The data below holds a line containing "ในเมนูการดูแลแบตเตอรี่และอุปกรณ์ (Device Care)" and a line containing "високоміцного пластика. |"; please quote exactly those two lines and every line between them, and nothing else.

**Record extracts:**
+ + + +

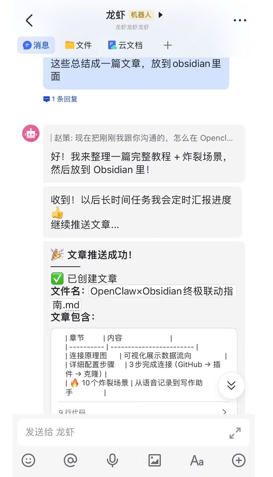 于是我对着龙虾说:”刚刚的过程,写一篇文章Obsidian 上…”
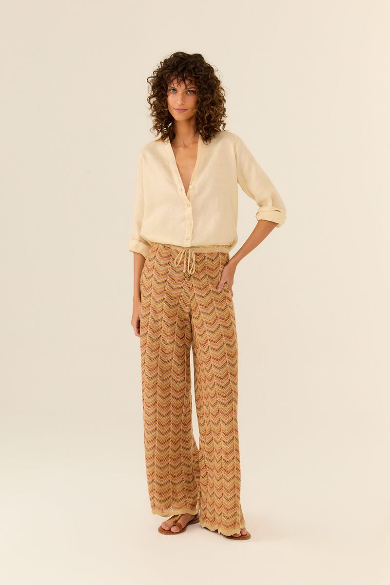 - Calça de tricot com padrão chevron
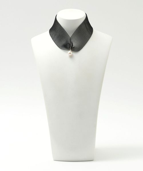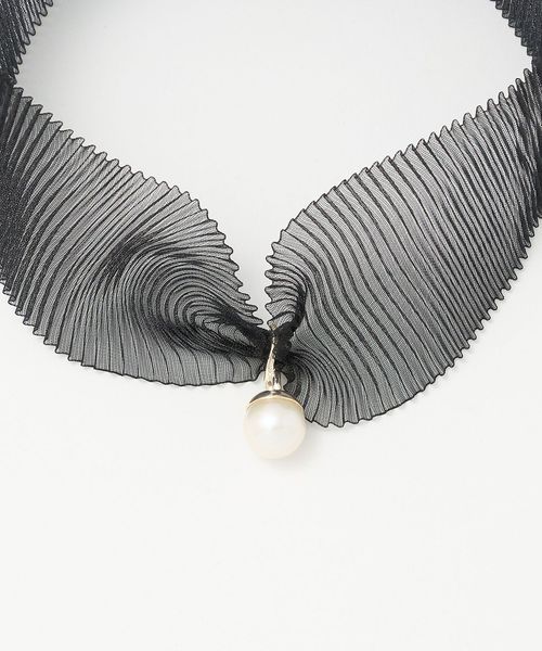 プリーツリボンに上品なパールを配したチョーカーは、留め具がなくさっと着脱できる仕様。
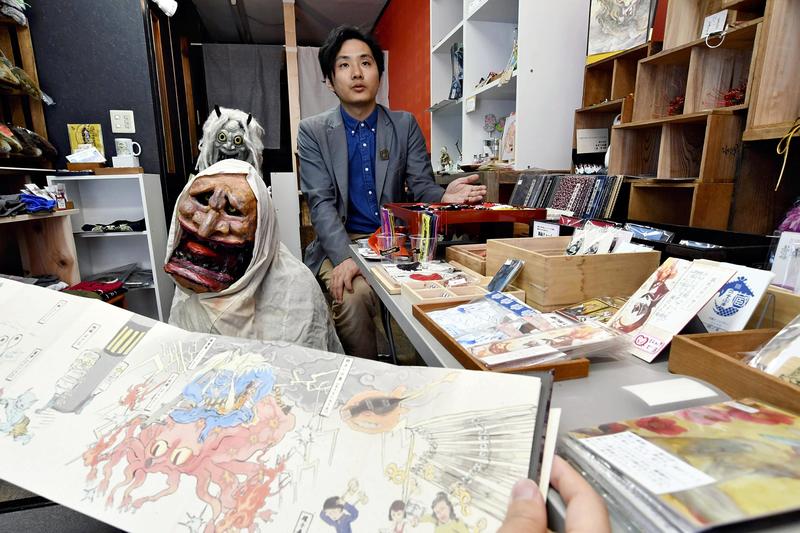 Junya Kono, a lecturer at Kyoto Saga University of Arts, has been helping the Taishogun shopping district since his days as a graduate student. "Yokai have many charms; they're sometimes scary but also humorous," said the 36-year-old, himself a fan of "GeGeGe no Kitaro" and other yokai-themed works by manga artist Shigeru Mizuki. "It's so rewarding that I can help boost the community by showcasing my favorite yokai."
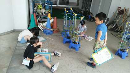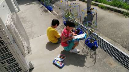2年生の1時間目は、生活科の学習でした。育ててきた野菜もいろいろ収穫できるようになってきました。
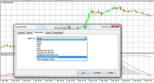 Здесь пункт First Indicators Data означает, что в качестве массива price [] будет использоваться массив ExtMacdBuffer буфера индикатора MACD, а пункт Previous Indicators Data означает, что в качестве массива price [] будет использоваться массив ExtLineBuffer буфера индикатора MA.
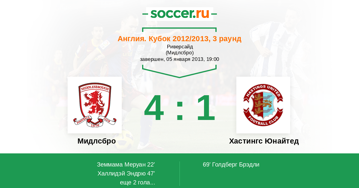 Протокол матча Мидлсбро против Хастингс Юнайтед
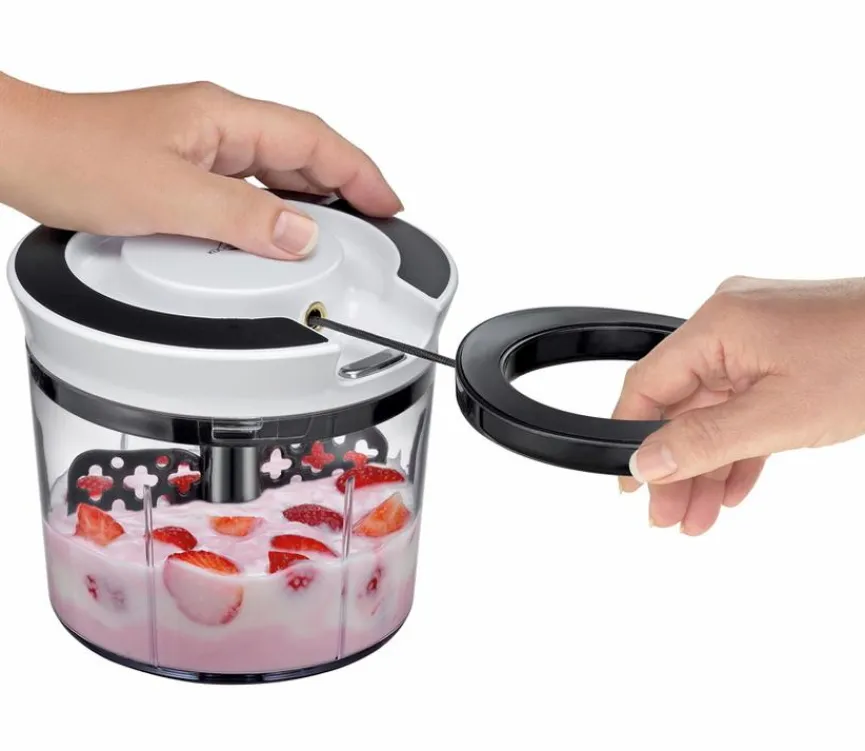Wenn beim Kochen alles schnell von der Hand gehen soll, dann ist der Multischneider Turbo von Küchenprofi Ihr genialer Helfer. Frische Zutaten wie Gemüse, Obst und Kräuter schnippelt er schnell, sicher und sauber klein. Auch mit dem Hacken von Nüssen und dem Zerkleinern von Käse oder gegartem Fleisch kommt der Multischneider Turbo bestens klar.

+ + + +

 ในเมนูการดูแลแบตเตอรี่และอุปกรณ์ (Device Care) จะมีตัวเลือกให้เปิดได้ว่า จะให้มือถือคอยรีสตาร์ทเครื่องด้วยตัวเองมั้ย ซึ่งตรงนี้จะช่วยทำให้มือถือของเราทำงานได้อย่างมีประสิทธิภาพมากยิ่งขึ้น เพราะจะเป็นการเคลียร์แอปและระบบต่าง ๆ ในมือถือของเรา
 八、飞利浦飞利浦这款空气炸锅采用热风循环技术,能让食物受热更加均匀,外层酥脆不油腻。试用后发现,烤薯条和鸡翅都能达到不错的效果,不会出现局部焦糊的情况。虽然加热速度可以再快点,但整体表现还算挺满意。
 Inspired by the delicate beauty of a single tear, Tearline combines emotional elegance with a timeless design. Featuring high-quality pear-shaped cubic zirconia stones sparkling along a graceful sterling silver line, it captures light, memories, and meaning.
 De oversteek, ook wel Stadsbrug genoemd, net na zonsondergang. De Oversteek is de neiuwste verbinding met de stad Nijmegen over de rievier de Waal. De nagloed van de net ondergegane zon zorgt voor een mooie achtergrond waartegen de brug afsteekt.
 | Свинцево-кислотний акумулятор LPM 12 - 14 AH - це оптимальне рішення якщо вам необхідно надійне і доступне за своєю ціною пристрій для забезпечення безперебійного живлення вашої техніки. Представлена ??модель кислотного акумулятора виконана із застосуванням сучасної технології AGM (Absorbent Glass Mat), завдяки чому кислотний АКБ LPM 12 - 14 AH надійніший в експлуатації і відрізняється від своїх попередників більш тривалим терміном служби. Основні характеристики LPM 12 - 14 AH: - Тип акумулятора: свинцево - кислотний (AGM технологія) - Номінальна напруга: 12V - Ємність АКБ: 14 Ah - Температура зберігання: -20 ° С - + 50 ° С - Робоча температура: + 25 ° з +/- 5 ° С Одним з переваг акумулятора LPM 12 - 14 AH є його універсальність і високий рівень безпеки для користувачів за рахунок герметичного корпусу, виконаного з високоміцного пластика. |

+ + + +

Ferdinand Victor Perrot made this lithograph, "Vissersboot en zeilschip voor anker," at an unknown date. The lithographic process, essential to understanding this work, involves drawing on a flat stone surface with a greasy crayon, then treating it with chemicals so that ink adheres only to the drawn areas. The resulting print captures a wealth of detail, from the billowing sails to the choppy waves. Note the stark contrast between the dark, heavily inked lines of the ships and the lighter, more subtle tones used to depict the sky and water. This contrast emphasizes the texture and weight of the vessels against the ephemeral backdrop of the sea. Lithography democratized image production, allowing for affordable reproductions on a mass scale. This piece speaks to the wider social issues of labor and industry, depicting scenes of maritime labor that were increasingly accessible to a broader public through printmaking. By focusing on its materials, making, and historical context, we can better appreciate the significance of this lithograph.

+ + + +

**Reply to the exercise:**
 ในเมนูการดูแลแบตเตอรี่และอุปกรณ์ (Device Care) จะมีตัวเลือกให้เปิดได้ว่า จะให้มือถือคอยรีสตาร์ทเครื่องด้วยตัวเองมั้ย ซึ่งตรงนี้จะช่วยทำให้มือถือของเราทำงานได้อย่างมีประสิทธิภาพมากยิ่งขึ้น เพราะจะเป็นการเคลียร์แอปและระบบต่าง ๆ ในมือถือของเรา
 八、飞利浦飞利浦这款空气炸锅采用热风循环技术,能让食物受热更加均匀,外层酥脆不油腻。试用后发现,烤薯条和鸡翅都能达到不错的效果,不会出现局部焦糊的情况。虽然加热速度可以再快点,但整体表现还算挺满意。
 Inspired by the delicate beauty of a single tear, Tearline combines emotional elegance with a timeless design. Featuring high-quality pear-shaped cubic zirconia stones sparkling along a graceful sterling silver line, it captures light, memories, and meaning.
 De oversteek, ook wel Stadsbrug genoemd, net na zonsondergang. De Oversteek is de neiuwste verbinding met de stad Nijmegen over de rievier de Waal. De nagloed van de net ondergegane zon zorgt voor een mooie achtergrond waartegen de brug afsteekt.
 | Свинцево-кислотний акумулятор LPM 12 - 14 AH - це оптимальне рішення якщо вам необхідно надійне і доступне за своєю ціною пристрій для забезпечення безперебійного живлення вашої техніки. Представлена ??модель кислотного акумулятора виконана із застосуванням сучасної технології AGM (Absorbent Glass Mat), завдяки чому кислотний АКБ LPM 12 - 14 AH надійніший в експлуатації і відрізняється від своїх попередників більш тривалим терміном служби. Основні характеристики LPM 12 - 14 AH: - Тип акумулятора: свинцево - кислотний (AGM технологія) - Номінальна напруга: 12V - Ємність АКБ: 14 Ah - Температура зберігання: -20 ° С - + 50 ° С - Робоча температура: + 25 ° з +/- 5 ° С Одним з переваг акумулятора LPM 12 - 14 AH є його універсальність і високий рівень безпеки для користувачів за рахунок герметичного корпусу, виконаного з високоміцного пластика. |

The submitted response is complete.